MA :Leur esprit a changé. Avant la construction du mur, tu avais des enfants comme Ahmed Mousa qui dessinaient des drapeaux palestiniens et israéliens ensemble. Maintenant, quand tu demandes aux enfants de faire un dessin, ils dessinent tous des soldats israéliens qui attaquent leur maison, qui répandent du gaz aveuglant, ou des martyrs enveloppés dans des drapeaux palestiniens. Je me souviens du deuxième garçon qui a été tué ... Yousef Ahmad Amireh. Il n’avait que 17 ans à l’époque.
Sa grand-mère l’a appelé et lui a dit qu’il lui manquait beaucoup, alors il a décidé d’aller lui rendre visite ... la maison de sa grand-mère n’est qu’à 200 mètres de la mienne. Mais quand il était devant ma maison, il a vu qu’il y avait des soldats à l’entrée du village qui lançaient des bombes aveuglantes et tiraient avec des armes à feu, et des jeunes garçons qui leur lançaient des pierres. Je lui ai conseillé de longer les maisons par derrière pour aller chez sa grand-mère plutôt que d’utiliser la route principale, mais il m’a dit qu’il avait peur qu’un soldat le voit et lui tire dessus, donc il est resté avec moi à l’entrée de ma maison, et on regardait les heurts entre les soldats et les jeunes dans la rue principale. Quand tout à coup, une jeep armée israélienne a foncé directement jusqu’à nous, un soldat est descendu et a tiré une balle ... je n’avais même pas remarqué que Yousef, droit comme un i à coté de moi, a été touché, mais quand je me suis tourné vers lui, j’ai vu le sang couler sur son visage.
Les enfants qui ont une fois cru à la paix, après avoir vu les actions brutales de leurs ennemis, n’y croient plus du tout. Mais en tant que professeur, je dis aux enfants que nous devons garder espoir, que l’ombre de l’occupation va partir, et qu’au matin, le soleil de la paix et de la justice brillera sur la Palestine. Si ce n’est pas aujourd’hui, ce sera peut-être demain, ou dans un mois, ou dans un an, mais nous devons toujours garder espoir.

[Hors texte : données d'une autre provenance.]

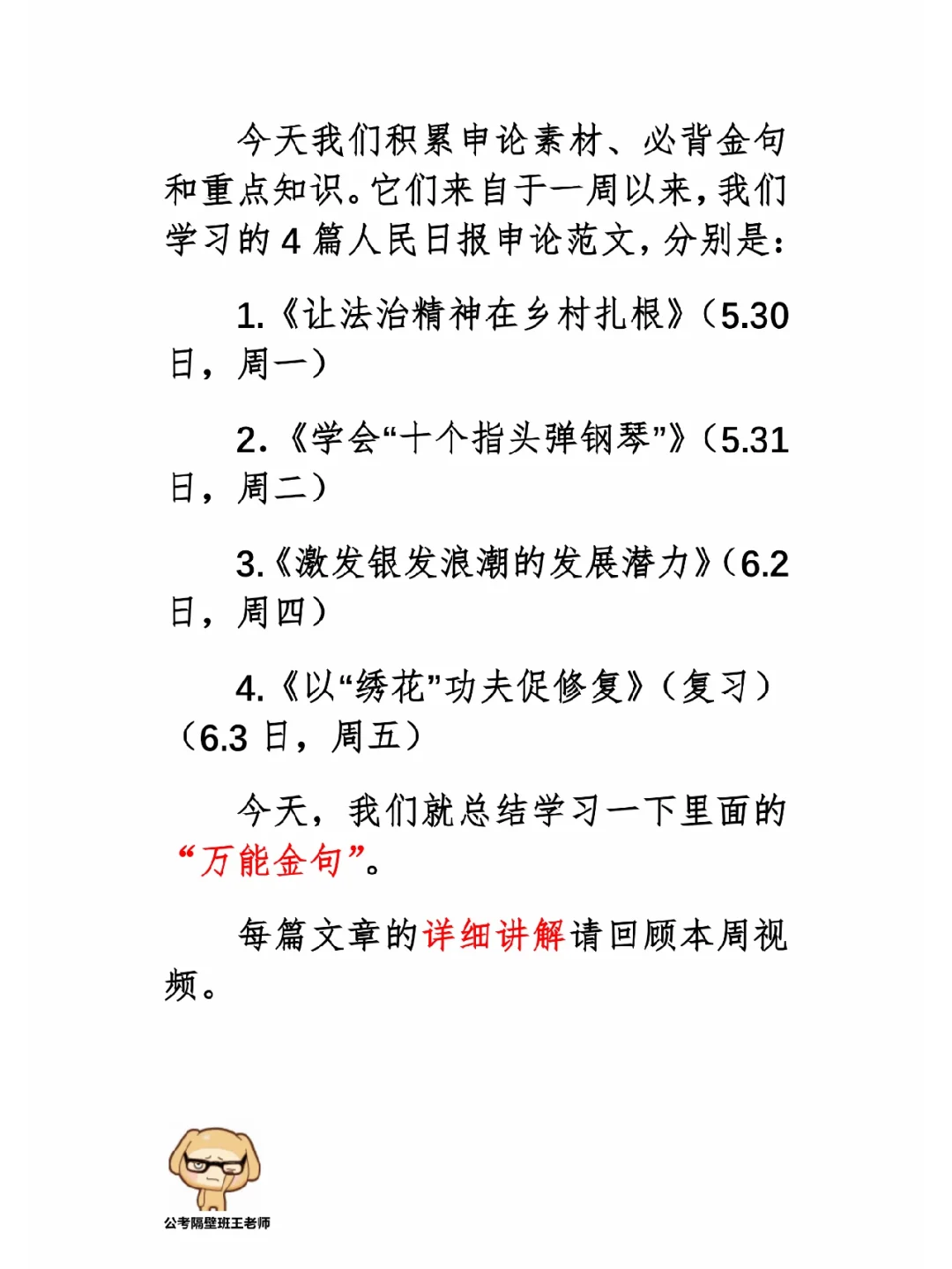 今天我们积累申论素材、必背金句和重点知识。它们来自于一周以来,我们学习的4篇人民日报申论范文,分别是:

JM : Pouvez-vous me parler de la Route 446 ?
MA : La Route 446 a été construite par le gouvernement israélien en 1992, et il a été décidé que le village de Nilin serait coupé en deux. Beaucoup d’entre nous ont des frères et sœurs qui vivent de l’autre coté du village, et la plupart du temps, on ne peut pas aller les voir, soit parce que nous sommes sous couvre-feu ou parce que l’armée a installé un check-point mobile à l’entrée du village, et qui empêche les voitures d’entrer ou de sortir. Parfois, on a l’impression que c’est comme si des membres de notre famille vivaient dans un autre village ! Un autre problème est la nature dangereuse que représente une autoroute très fréquentée traversant un petit village comme le nôtre, rendant impossible aux enfants de marcher d’un coté du village à l’autre. Au lieu de ça, leur famille doit payer pour les bus pour emmener leurs enfants à l’école, ou des taxis pour les emmener voir un membre de leur famille vivant de l’autre coté du village. Sans parler des terrains qui ont été confisqués et des oliviers qui ont été déracinés pour construire cette Route 446.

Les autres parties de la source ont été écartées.